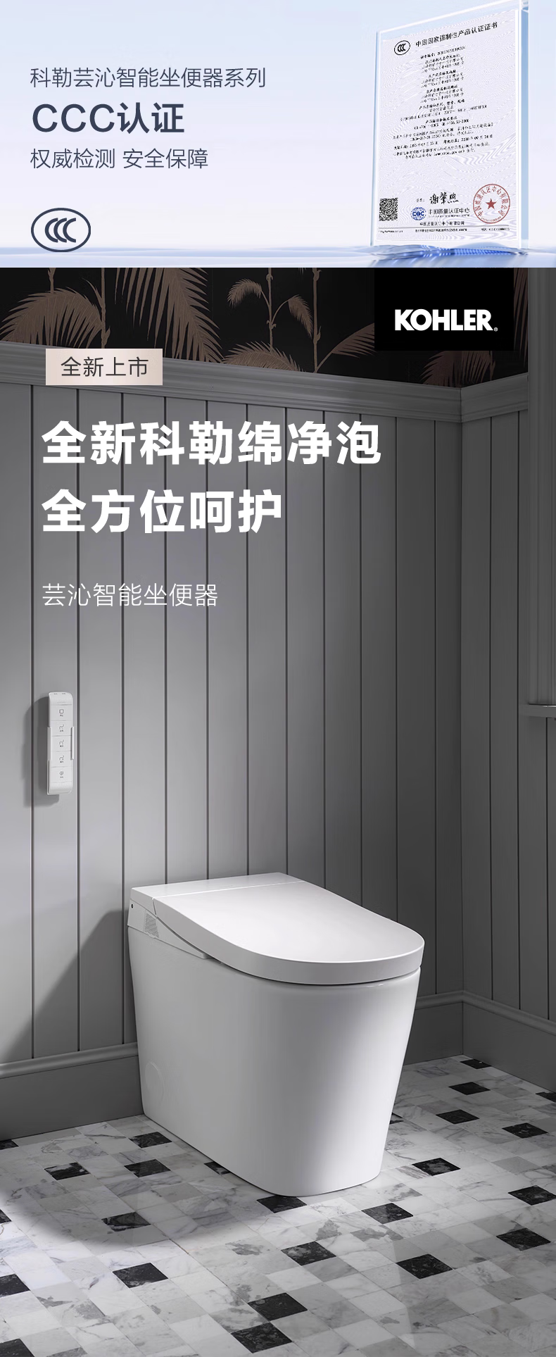 科勒(KOHLER)芸沁智能马桶一体全智能坐便器泡沫盾脚感触控自动清洗加热烘干 芸沁智能坐便器(月光白) FW 305/300mm
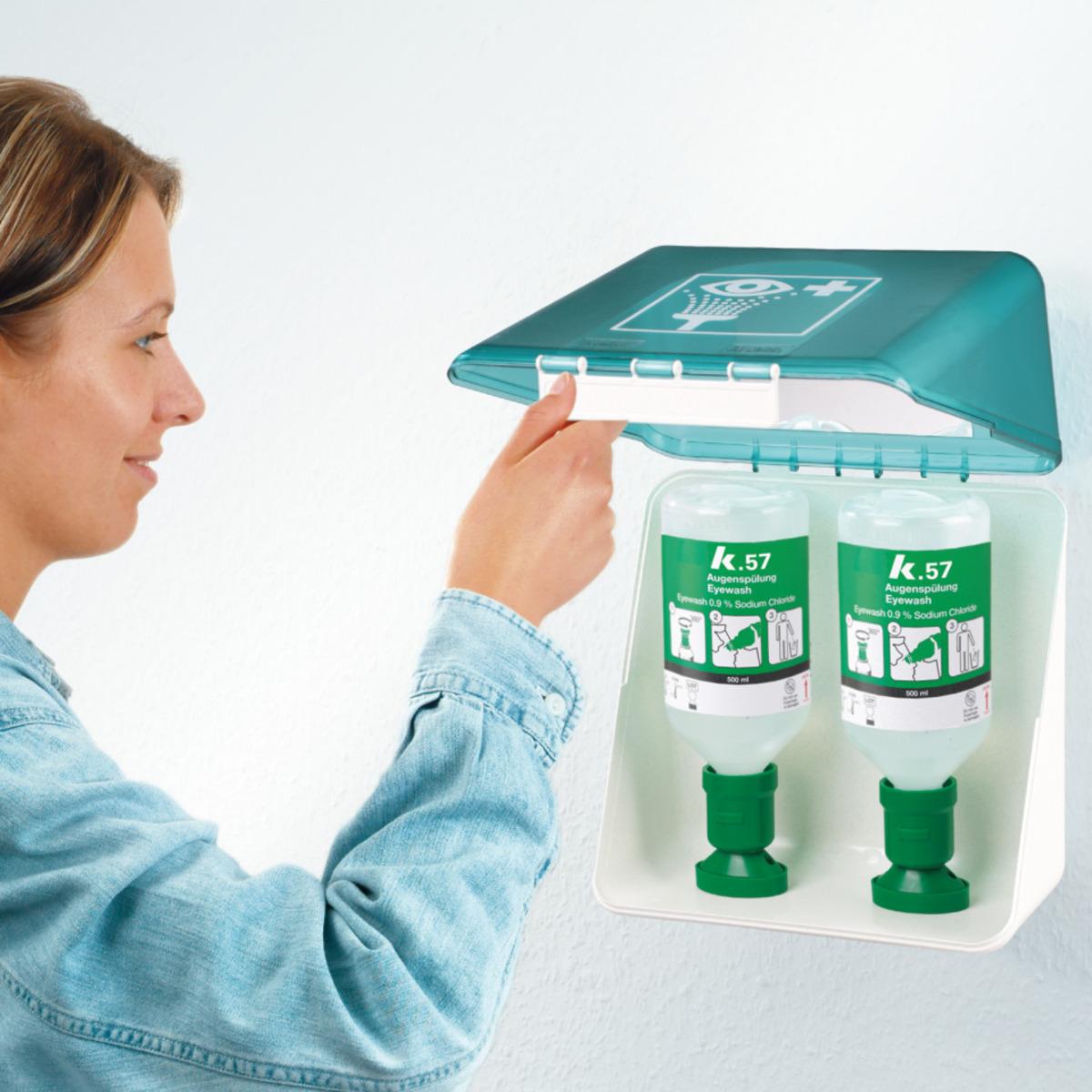 SecuBox® Wandstationen zur staub- und spritzwassergeschützen Aufbewahrung von Augenspülflaschen. Der Schutzdeckel weist im geschlossenen Zustand durch ein auffälliges Piktogramm auf die Augenspüleinrichtungen hin, bequem mit einer Hand zu öffnen und zu arretieren.
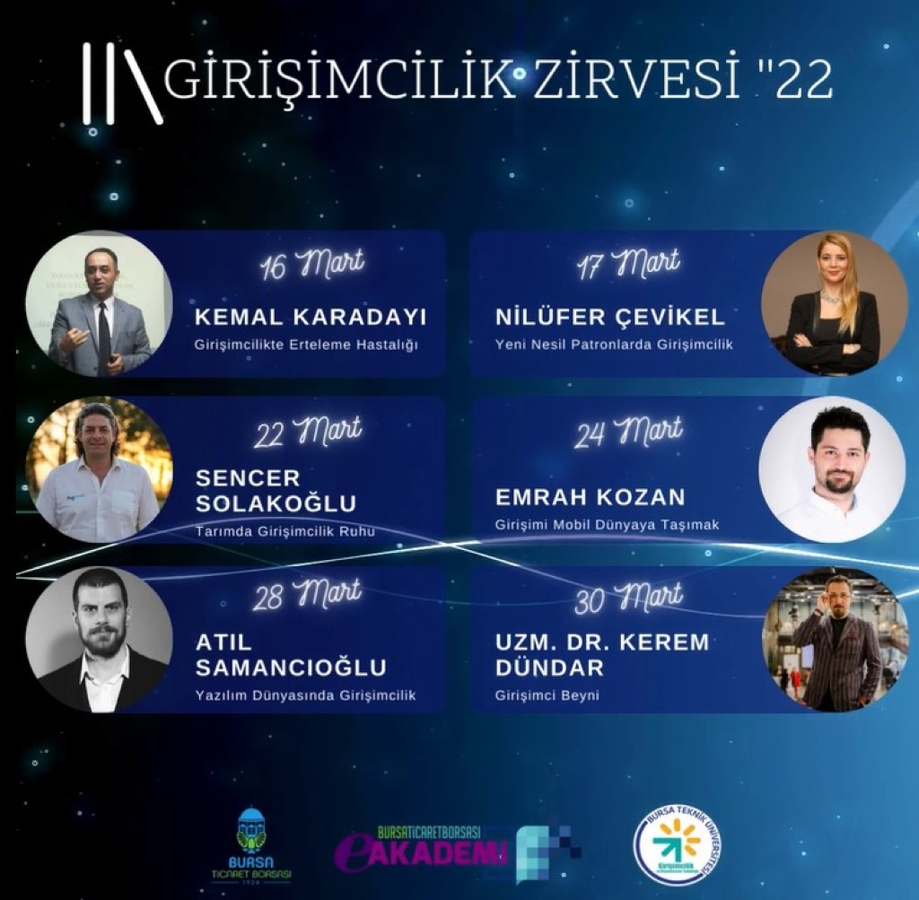 Bursa TB Online Akademi’de 22 Mart Salı günü Feyz Hayvancılık Kurucusu, TÜSEDAD Yönetim Kurulu Başkanı Sencer Solakoğlu ile devam edecek Girişimcilik Zirvesi, 24 Mart Perşembe günü Piksel Akademi Kurucusu ve Eğitmen Emrah Kozan, 28 Mart Pazartesi günü Academy Club&Pera Games Kurucusu Atıl Samancıoğlu, 30 Mart Çarşamba günü London School Of Mind Kurucusu Uzm. Dr. Kerem Dündar’ın katılımlarıyla tamamlanacak.

——————

— Exercise objective —
Where a picture appears in the listing above, skip it and set down all the rest exactly.

— Response to the exercise —
 科勒(KOHLER)芸沁智能马桶一体全智能坐便器泡沫盾脚感触控自动清洗加热烘干 芸沁智能坐便器(月光白) FW 305/300mm
 SecuBox® Wandstationen zur staub- und spritzwassergeschützen Aufbewahrung von Augenspülflaschen. Der Schutzdeckel weist im geschlossenen Zustand durch ein auffälliges Piktogramm auf die Augenspüleinrichtungen hin, bequem mit einer Hand zu öffnen und zu arretieren.
 Bursa TB Online Akademi’de 22 Mart Salı günü Feyz Hayvancılık Kurucusu, TÜSEDAD Yönetim Kurulu Başkanı Sencer Solakoğlu ile devam edecek Girişimcilik Zirvesi, 24 Mart Perşembe günü Piksel Akademi Kurucusu ve Eğitmen Emrah Kozan, 28 Mart Pazartesi günü Academy Club&Pera Games Kurucusu Atıl Samancıoğlu, 30 Mart Çarşamba günü London School Of Mind Kurucusu Uzm. Dr. Kerem Dündar’ın katılımlarıyla tamamlanacak.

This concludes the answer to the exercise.